Carlyon R P
MRC Applied Psychology Unit, Cambridge, England.
J Acoust Soc Am. 1996 Jan;99(1):517-24. doi: 10.1121/1.414510.
A series of experiments investigated listeners' ability to encode the fundamental frequency (F0) of a group of harmonics (the "target") in the presence of a second, spectrally overlapping, group (the "masker"). Experiment 1a was a sequential F0 discrimination task between two targets, whose F0s were geometrically centered on 210 Hz, in the presence of a 210-Hz masker. The target and the masker were bandpass filtered identically, either from 20 to 1420 Hz ("low-frequency" condition) or from 3900 to 5400 Hz ("high-frequency" condition). In the low-frequency condition the masker affected performance only moderately, regardless of whether it was gated synchronously with, or was turned on 150 ms before and off 150 ms after, each 200-ms target. In the high-frequency condition, the synchronous masker also had a moderate effect, but the asynchronous masker reduced performance dramatically. Whatever the masker gating, listeners did not hear the combination of the masker and target in this region as a mixture of two complex tones, but experienced a unitary noiselike or "crackle" percept.
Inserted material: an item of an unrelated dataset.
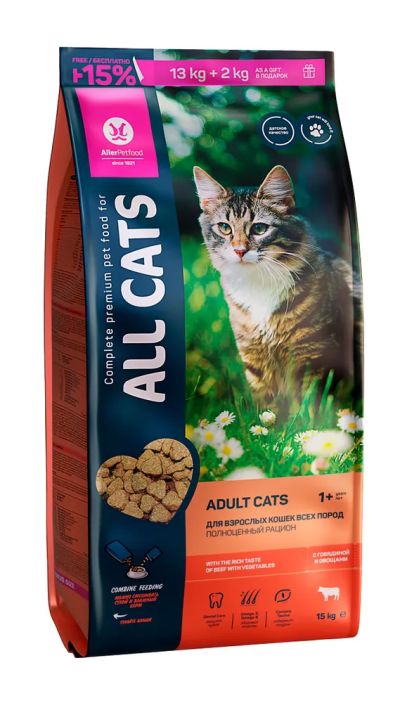 ALL Cats: полноценный корм, для кошек, говядина и овощи, 15 кг

Experiment 1b showed that the large deterioration seen in the high-frequency condition of experiment 1a could be obtained in the low-frequency condition by reducing the F0 to 62.5 Hz, suggesting that the resolvability of adjacent harmonics was important for the effect. Experiment 2 required listeners to detect a difference in F0 ("delta F0") between two simultaneous groups of components, one filtered in the high region and the other in the low region. Performance was only slightly degraded by a continuous masker filtered in the low region, but was reduced to chance by a masker in the high region. Experiment 3 showed that, as the delta F0 between a masker and a target in the low region increased from 1% to 8%, listeners identified the mixture as sounding progressively "less fused," but this was not the case in the high region. It is concluded that listeners are poor at extracting the F0s of two groups of unresolved harmonics in the same frequency region. The experiments provide no evidence that listeners can use the leading part of an asynchronous masker to identify its F0 and thereby help extract the target's F0 from the mixture.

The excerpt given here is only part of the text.